You assume non-continuity, so some open $O \subseteq Y$ so that $f^{-1}[O]$ is not open, so there is some $x$ with $f(x) \in O$ so that all balls around $x$ "stick out of" $f^{-1}[O]$. In fact what you need here in the proof is that $x$ has a countable local base of neighhbourhoods $U_n$ (we can assume it to be decerasing in $n$, as in the metric case, where we use $U_n = B_d(x,\frac1n)$ as the local base) so that the positive consequence of non-interior-ness of $x$ allows us to pick $x_n \in U_n \setminus f^{-1}[O]$ giving us a sequence converging to $x$ but the $f(x_n) \notin O$ so these do not converge to $f(x)$, which then contradicts the given of sequential continuity, so the assumption of non-contuity was wrong.

Only non-continuity gives us a concrete point to work with to start contradicting sequential continuity. It's just in the nature of the definitions and their logical structure, as it were.

There is some work in the foundations of logic and constructism (where proofs from contradiction are not allowed) to show that continuity and sequential continuity are really logically different. In many branches of constructive maths (like intuitionism) you cannot even define a non-continuous function.

So yes, your proofs are correct, and follow the schedule I described.

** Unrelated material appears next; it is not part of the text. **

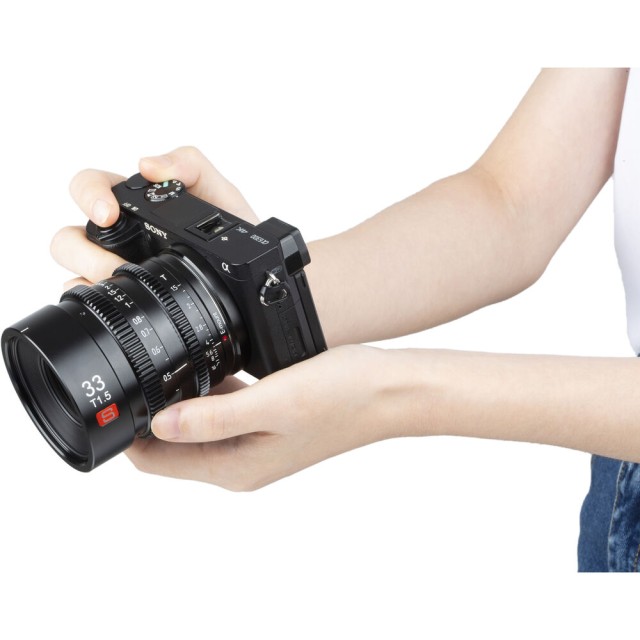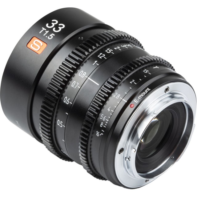 Equipped with a fast T1.5 aperture, the Sony E-mount Viltrox 33mm T1.5 Cine Lens offers cine-style coverage for S35/APS-C-sized sensor cameras even in low light levels. Multilayer coatings, a solid build, 0.8-MOD cine-style gearing, and a 14-blade aperture for smooth bokeh round out the attributes of this compact lens.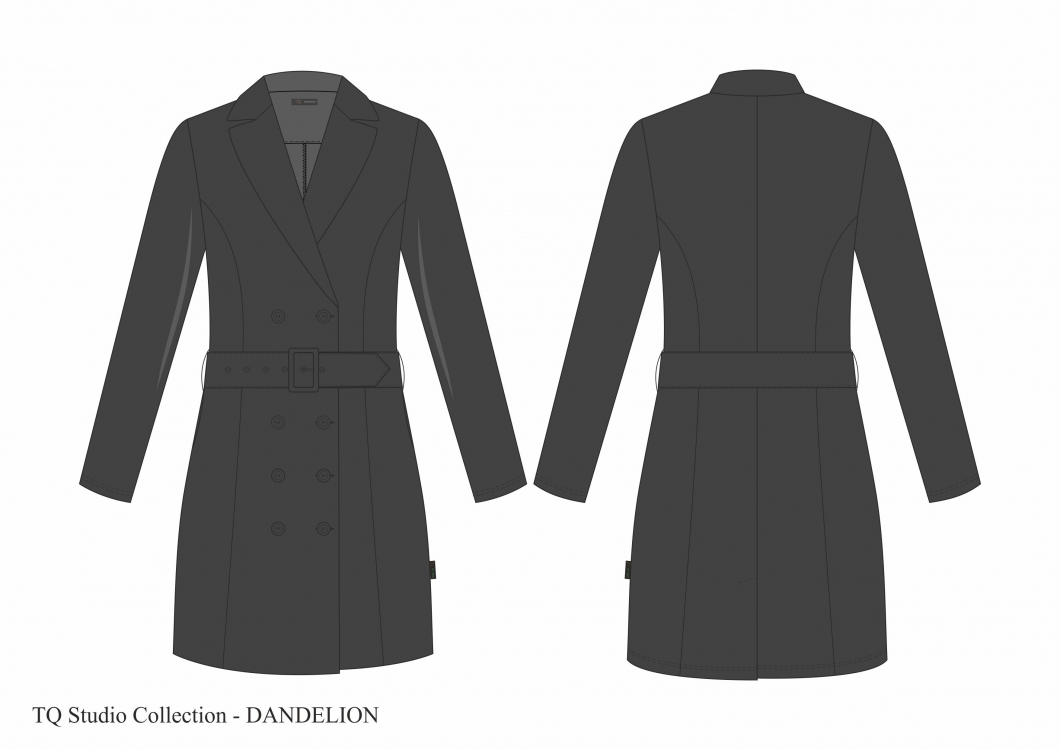 Dieses zweireihige Blazerkleid aus Reisestoff aus der TQ Studio Collection, das auch als Jacke getragen werden kann, hat eine doppelte Reihe schöner großer Knöpfe und einen breiten Gürtel.

The converse can be extended even beyoud first countable spaces, to the realm of so-called sequential spaces (defined by the property that a sequentially closed set $F$ is always closed; $F$ is ssequentially closed when for all sequences $x_n$ with terms in $F$ we have $x_n \to x$, we can say $x \in F$, so it contains the limits of all its sequences). Try to generalise the converse to such spaces $X$. All first countable (and thus metric) spaces are sequential, but there are many more.